■ Exercise instructions: Skip the pictures and restate, word for word, the lines from the one containing "国家统计局:1—2月份,规上工业原煤产量同比下降0.3%" to the end of the data below.

[Dataset records]
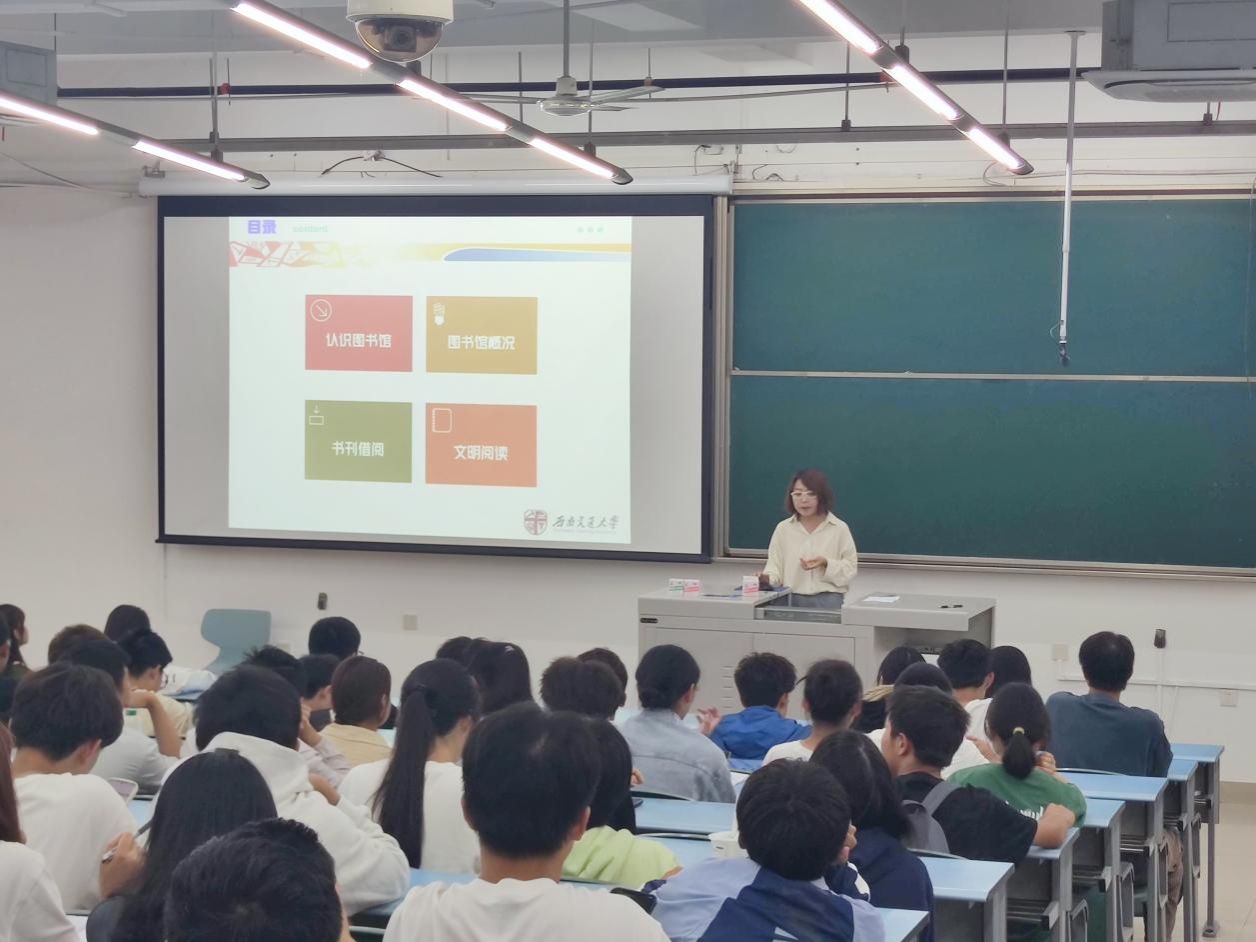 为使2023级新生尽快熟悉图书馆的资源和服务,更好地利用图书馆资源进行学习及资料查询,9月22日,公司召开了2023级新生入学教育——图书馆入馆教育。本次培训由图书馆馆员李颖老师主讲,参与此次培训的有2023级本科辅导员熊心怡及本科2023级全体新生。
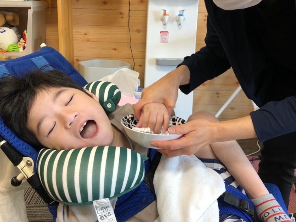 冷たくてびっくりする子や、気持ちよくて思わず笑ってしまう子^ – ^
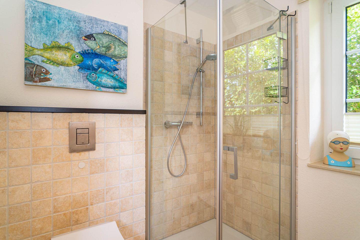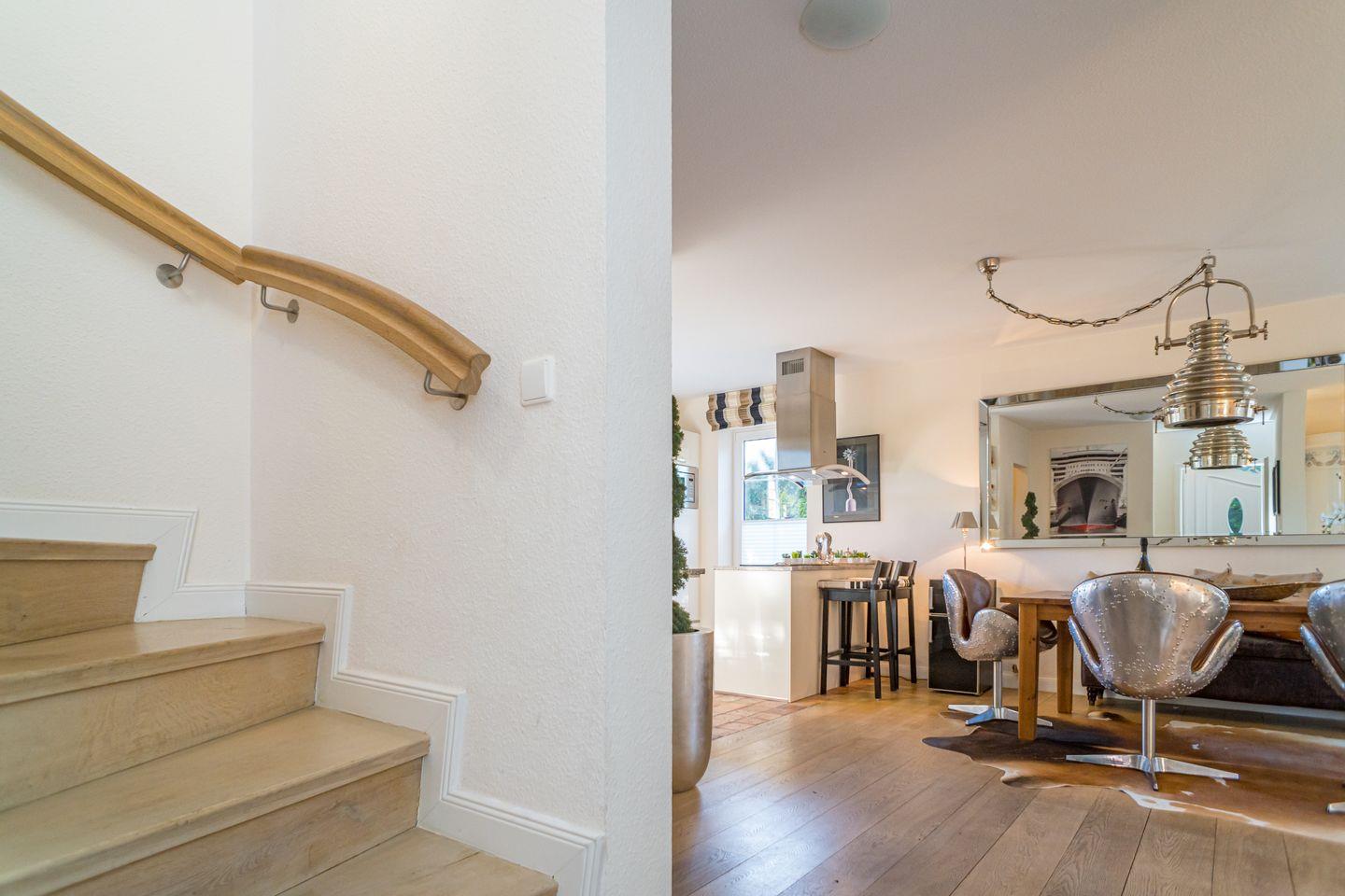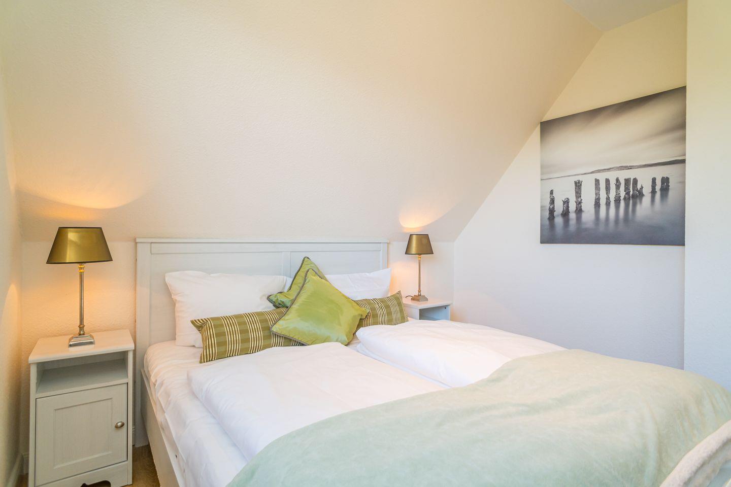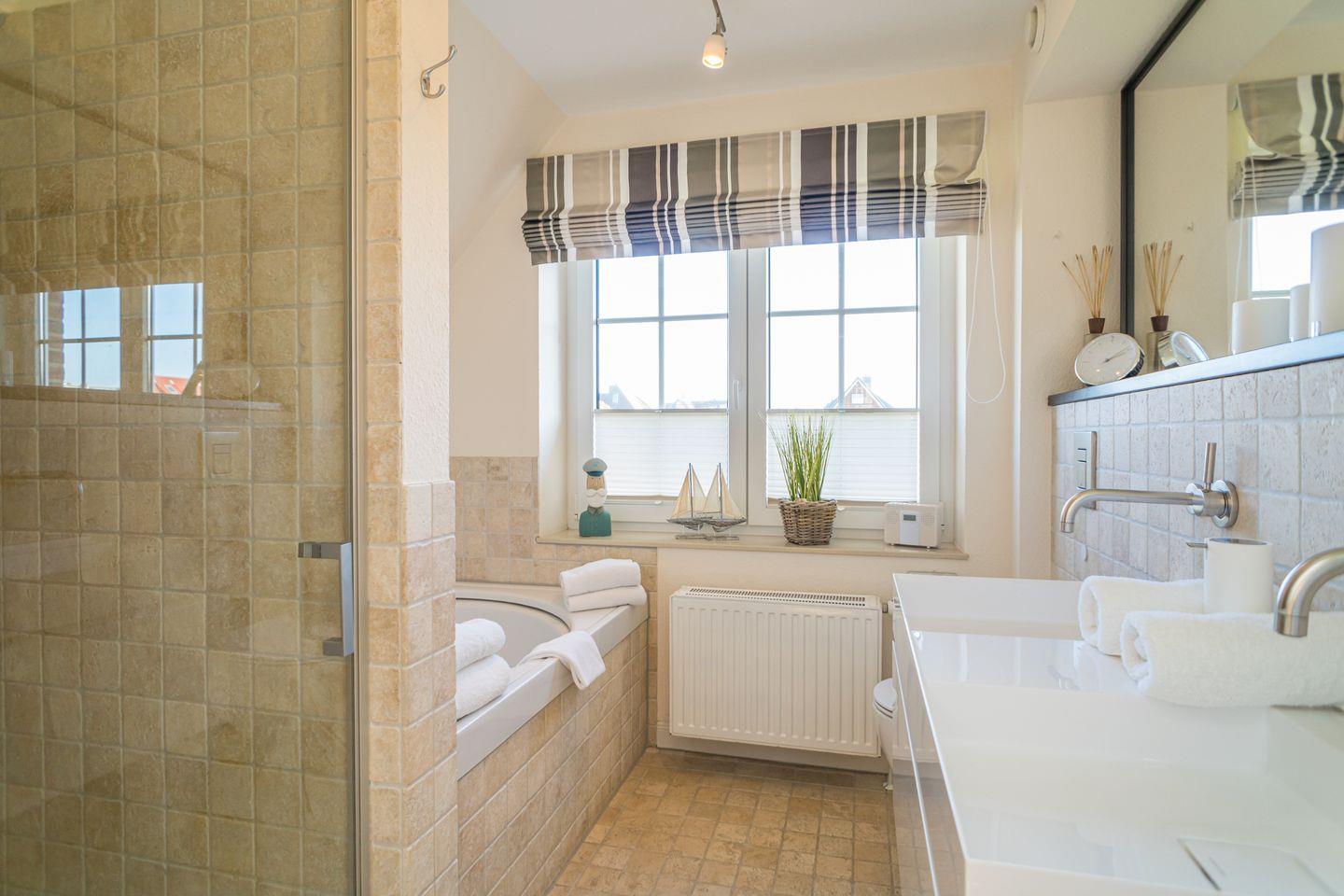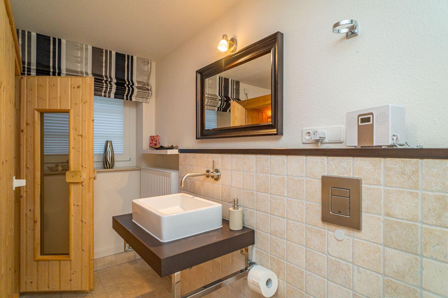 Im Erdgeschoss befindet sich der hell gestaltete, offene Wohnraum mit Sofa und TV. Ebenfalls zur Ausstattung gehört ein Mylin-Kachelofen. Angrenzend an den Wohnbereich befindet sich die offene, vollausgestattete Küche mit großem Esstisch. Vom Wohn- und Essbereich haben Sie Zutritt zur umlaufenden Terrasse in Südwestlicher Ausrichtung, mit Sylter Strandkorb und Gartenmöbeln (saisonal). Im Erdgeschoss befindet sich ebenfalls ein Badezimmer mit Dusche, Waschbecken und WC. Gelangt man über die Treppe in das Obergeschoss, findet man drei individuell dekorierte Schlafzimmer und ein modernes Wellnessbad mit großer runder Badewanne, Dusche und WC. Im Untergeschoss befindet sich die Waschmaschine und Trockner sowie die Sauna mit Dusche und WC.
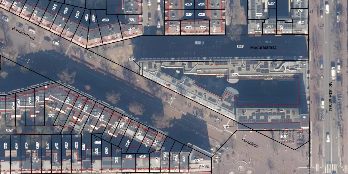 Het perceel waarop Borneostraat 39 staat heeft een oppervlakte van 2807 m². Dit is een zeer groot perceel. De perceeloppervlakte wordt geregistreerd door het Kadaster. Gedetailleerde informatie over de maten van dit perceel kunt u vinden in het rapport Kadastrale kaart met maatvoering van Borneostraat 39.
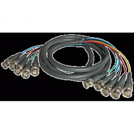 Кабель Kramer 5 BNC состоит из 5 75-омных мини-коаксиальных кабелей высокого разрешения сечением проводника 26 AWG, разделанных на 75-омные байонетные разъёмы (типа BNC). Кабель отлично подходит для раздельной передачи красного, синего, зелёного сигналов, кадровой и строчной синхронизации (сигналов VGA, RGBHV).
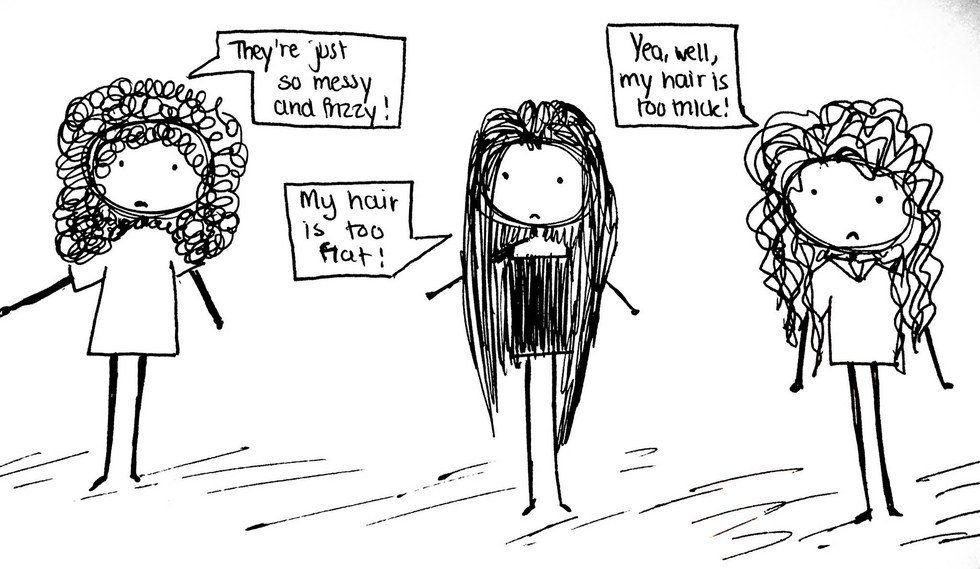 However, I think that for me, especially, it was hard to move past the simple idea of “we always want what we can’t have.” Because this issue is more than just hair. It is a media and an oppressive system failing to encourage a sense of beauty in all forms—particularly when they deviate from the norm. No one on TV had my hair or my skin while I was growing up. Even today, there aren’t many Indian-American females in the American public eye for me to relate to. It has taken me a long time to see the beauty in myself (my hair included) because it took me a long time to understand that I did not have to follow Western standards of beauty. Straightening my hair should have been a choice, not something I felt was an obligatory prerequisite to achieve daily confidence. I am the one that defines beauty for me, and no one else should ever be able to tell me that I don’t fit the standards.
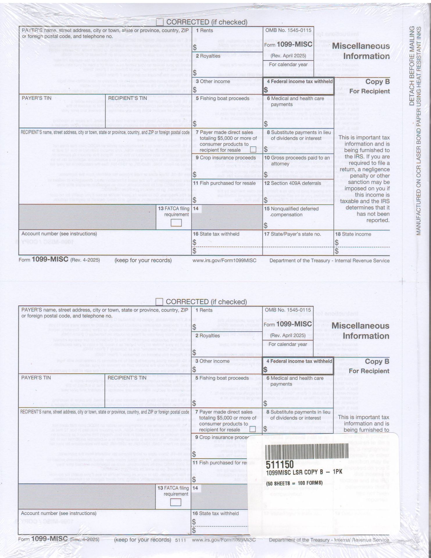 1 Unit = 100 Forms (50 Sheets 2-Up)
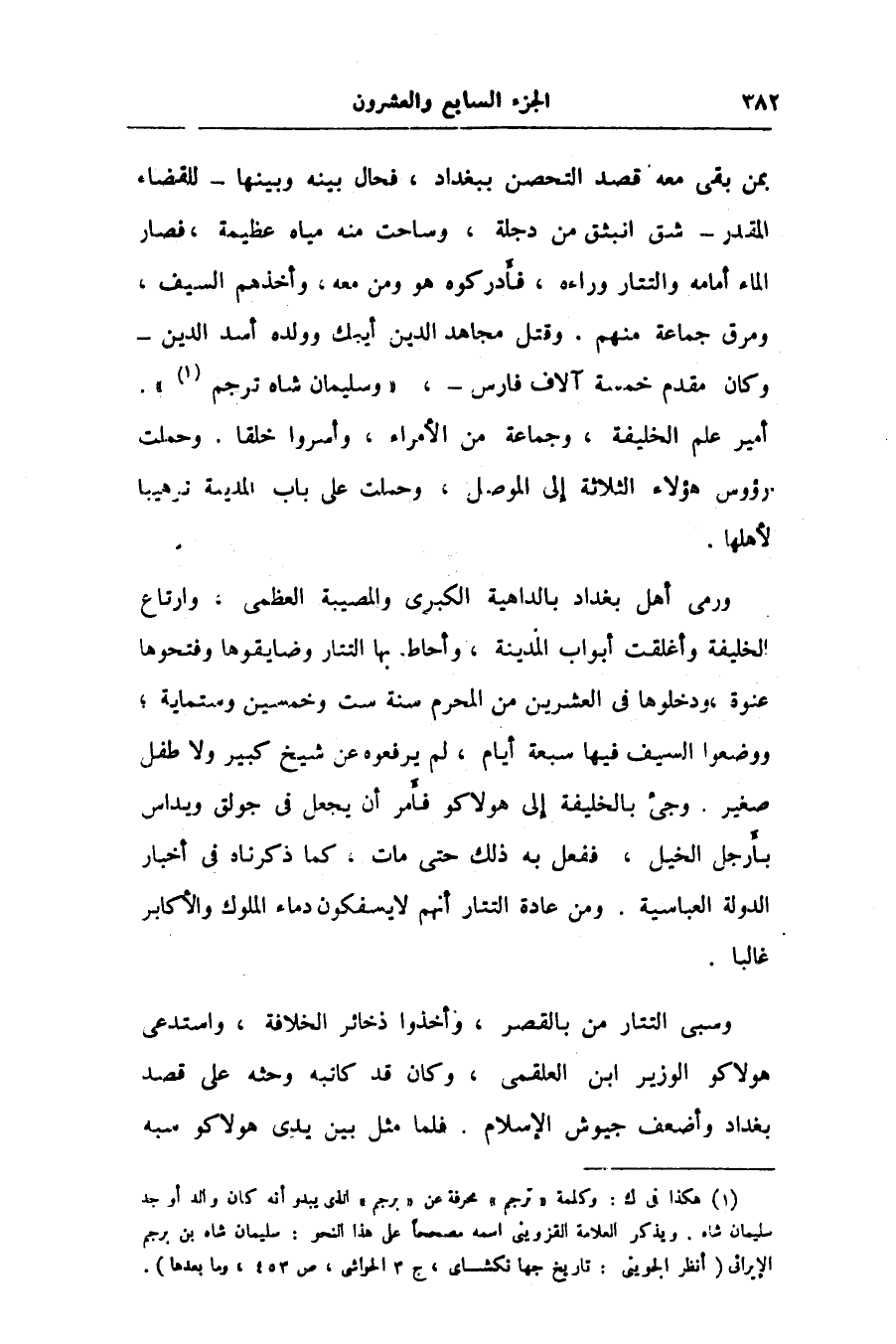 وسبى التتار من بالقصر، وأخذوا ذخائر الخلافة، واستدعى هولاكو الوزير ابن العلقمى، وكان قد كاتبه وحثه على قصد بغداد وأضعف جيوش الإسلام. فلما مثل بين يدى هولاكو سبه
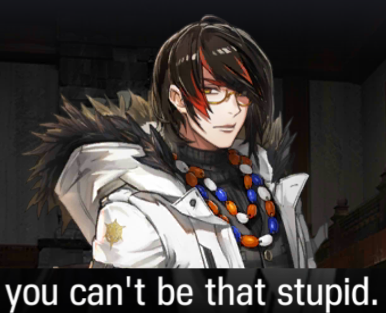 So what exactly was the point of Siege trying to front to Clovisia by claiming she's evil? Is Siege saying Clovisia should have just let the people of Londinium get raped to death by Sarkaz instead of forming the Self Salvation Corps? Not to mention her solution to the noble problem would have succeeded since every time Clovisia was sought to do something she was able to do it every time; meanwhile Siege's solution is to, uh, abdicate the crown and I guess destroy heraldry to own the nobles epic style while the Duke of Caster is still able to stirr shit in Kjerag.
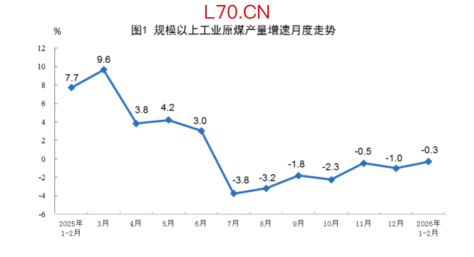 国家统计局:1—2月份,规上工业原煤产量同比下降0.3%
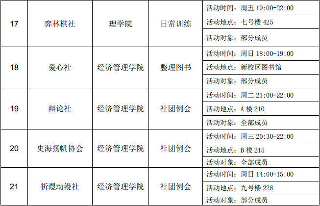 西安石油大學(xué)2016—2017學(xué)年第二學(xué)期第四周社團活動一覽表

■ Exercise solution:
 国家统计局:1—2月份,规上工业原煤产量同比下降0.3%
 西安石油大學(xué)2016—2017學(xué)年第二學(xué)期第四周社團活動一覽表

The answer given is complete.